Erik Van Alstine

Erik Van Alstine

Author. Leadership strategist. Expert in Perceptual IntelligenceTM.

The Last Human Freedom

We all want to feel free and powerful.

The challenge is, many of us feel coerced by the responsibilities of life. We feel we “have to” go to work and pay our bills. We “have to” be home at a certain time. We “have to” go to the dance recital and the soccer game. Life requires things of us, and therefore, we believe we can’t be free.

Until we get a look at the life of Austrian psychiatrist Viktor Frankl, a holocaust survivor who described and witnessed “the last human freedom” in the death camps. According to Viktor, there’s a sense that we’re always free. Even when our circumstances look the opposite.

Viktor Frankl in Auschwitz

Frankl ran the “suicide pavilion” at the Steinhof Psychiatric Hospital in Vienna between 1933 and 1937, then started in private practice. A year later, the Nazis took over Austria, and four years after that, September 25, 1942, they deported Frankl, a Jew, with his wife and his parents, to the Theresienstadt ghetto.

Two years later the Nazis moved Viktor and his wife Tilly to the Auschwitz concentration camp. His mother Elsa and his brother Walter died there in Auschwitz. The Nazis moved Tilly to another camp, where she died as well. Viktor and his sister Stella were the only survivors in his immediate family.

For three years in camps Frankl observed the suffering and death of his family, his friends, his people. He got a front-row look at the depravity, the coercion, the helplessness, the agony. He was forced to march for miles, barefoot, with hardly any clothes in freezing weather. He saw fellow prisoners lose their minds.

The Last Human Freedom

But he saw something else amid the coercion and horror. Here’s how he described it in his book, Man’s Search for Meaning:

“We who lived in concentration camps can remember the men who walked through the huts comforting others, giving away their last piece of bread. They may have been few in number, but they offer sufficient proof that everything can be taken from a man but one thing: the last of the human freedoms—to choose one’s attitude in any given set of circumstances.”1

We can’t control all the circumstances of life. But we can control the way we respond to the circumstances.

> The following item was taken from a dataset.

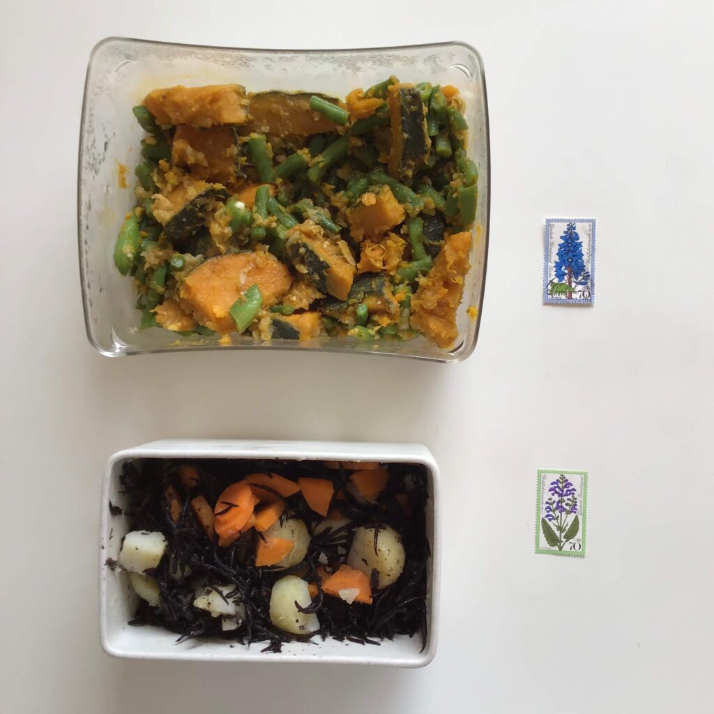 前沢リカさんの「野菜の料理教室」の大暑のメニューを 自分なりにアレンジして七夕のご飯にしました。 トップ画像の蒸し鶏と野菜をごまだれ素麺で頂きました。 ごまだれだけだとちょっと濃く感じましたが 素麺と三つ葉が絡んでくると美味しくて すごい勢いで食べました。その他作ったもの。 上 カボチャといんげんのスパイス煮 下 ジャガイモとひじきのサラダ
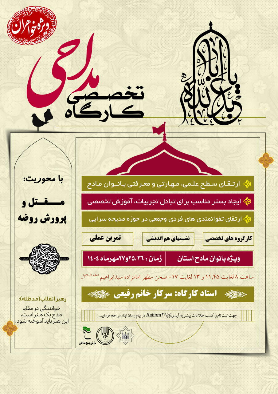 وی گفت : استاد این دوره، سرکار خانم رفیعی، از اساتید برجسته و صاحبنظر در حوزه مدیحهسرایی بانوان، با ارائه مباحث تخصصی، کاربردی و کارگاهی، به آموزش شرکتکنندگان خواهد پرداخت.

  • We can control the way we think about our circumstances.
  • We can offer comfort to others despite our own suffering and pain.
  • We can find something good and focus on it.
  • We can give to others, even when they don’t give in return.
  • We can forgive offenses and overlook insults.

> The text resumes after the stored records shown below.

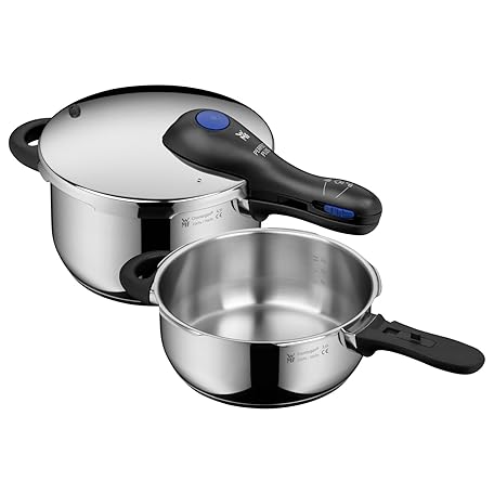 Thương hiệu WMF là cái tên nổi tiếng được rất nhiều khách hàng trên thế giới chọn lựa. Với kiểu dáng đẹp mắt, sang trọng, sản phẩm WMF Perfect Plus – Set with Quick Cooker Diameter 22 cm Diameter of 4 Litres and a Half + Body 3 Litres with Flame Protection, Cromargan Stainless Steel for Induction là sự lựa chọn hoàn hảo nếu bạn đang tìm mua một món cho riêng mình.
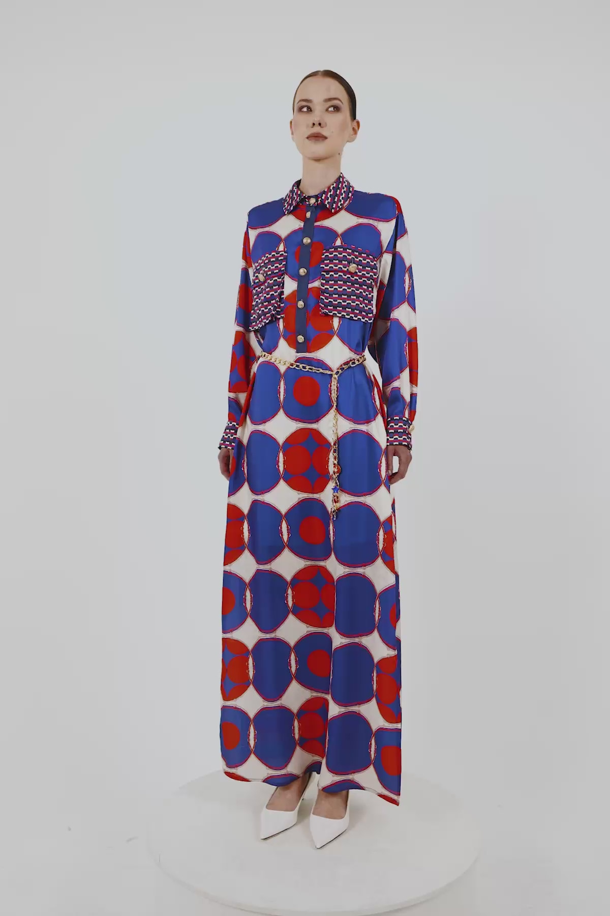 Çıkarılabilir Zincir Kemer Detaylı Düğmeli Uzun Desenli Elbise
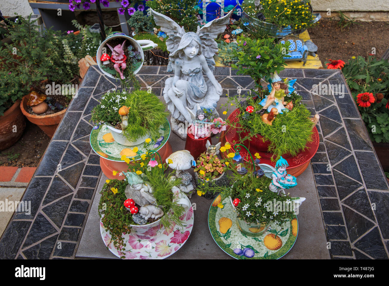 Miniatura Da Tavolo Giardino Fiabesco Con Teiere E Teacups Utilizzati Come Vasi Di Fiori Con Temi Da Favola E Statuine In Miniatura Foto Stock Alamy
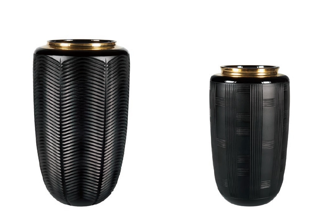 Jet Black conçu par Vista Alegre est un vase en verre noir avec une texture satinée mate et un col doré peint à la main.
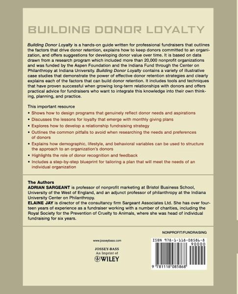 "Building Donor Loyalty" is a hands-on guide written for professional fundraisers that outlines the factors that drive donor retention, explains how to keep donors committed to an organization, and offers suggestions for developing donor value over time. It is based on data drawn from a research program which included more than 20,000 nonprofit organizations and was funded by the Aspen Foundation and the Indiana Fund through the Center on Philanthropy at Indiana University. "Building Donor Loyalty" contains a variety of illustrative case studies that demonstrate the power of effective donor retention strategies and clearly explains each of the factors that can build donor retention. It includes tools and techniques that have proven successful when growing long-term relationships with donors and offers practical advice for fundraisers who want to integrate this knowledge into their own thinking, planning, and practice.
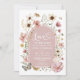A design apresenta uma exibição intrincada de flores silvestres boho, cuidadosamente curadas em tons suaves, moídos, de rosa poeirento, bege e mostarda.
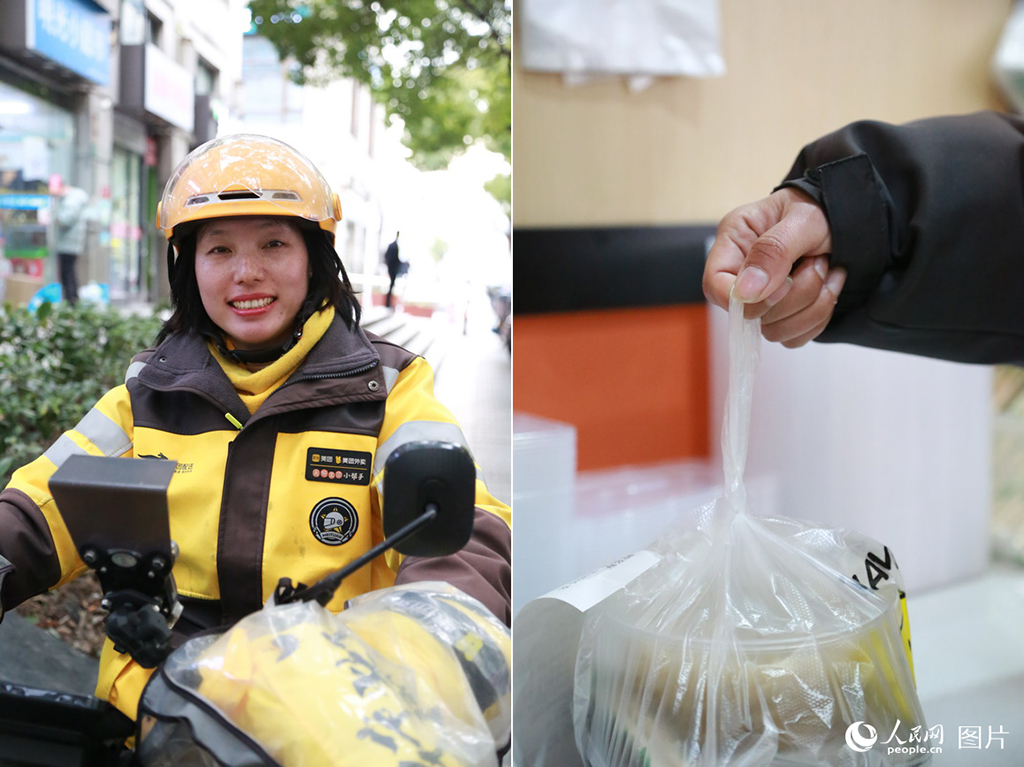 34歲的孫精精,去年10月來到上海做騎手,在老騎手的指導下,單量和收入逐步提高,一個月已經能跑到1200單,收入達到8000多元。她説:“做騎手這一行能讓我得到更多與人溝通的機會,有助於我更好融入社會。”

We have tremendous power within us, even in what seems to be a totally powerless situation. “When we are no longer able to change a situation,” Frankl said, “we are challenged to change ourselves.”

When it seems like life is controlling us, we can remember that our response to life is always in our control. Every challenge of life becomes a test of our freedom. There’s a fundamental power in human nature, a power to choose the most constructive response to every situation. Every situation is a test of that power, an opportunity to keep our sense of freedom, no matter what happens.

Will we choose right and pass the test?

1Viktor Frankl, Man’s Search for Meaning (New York: Pocket Books, 1984).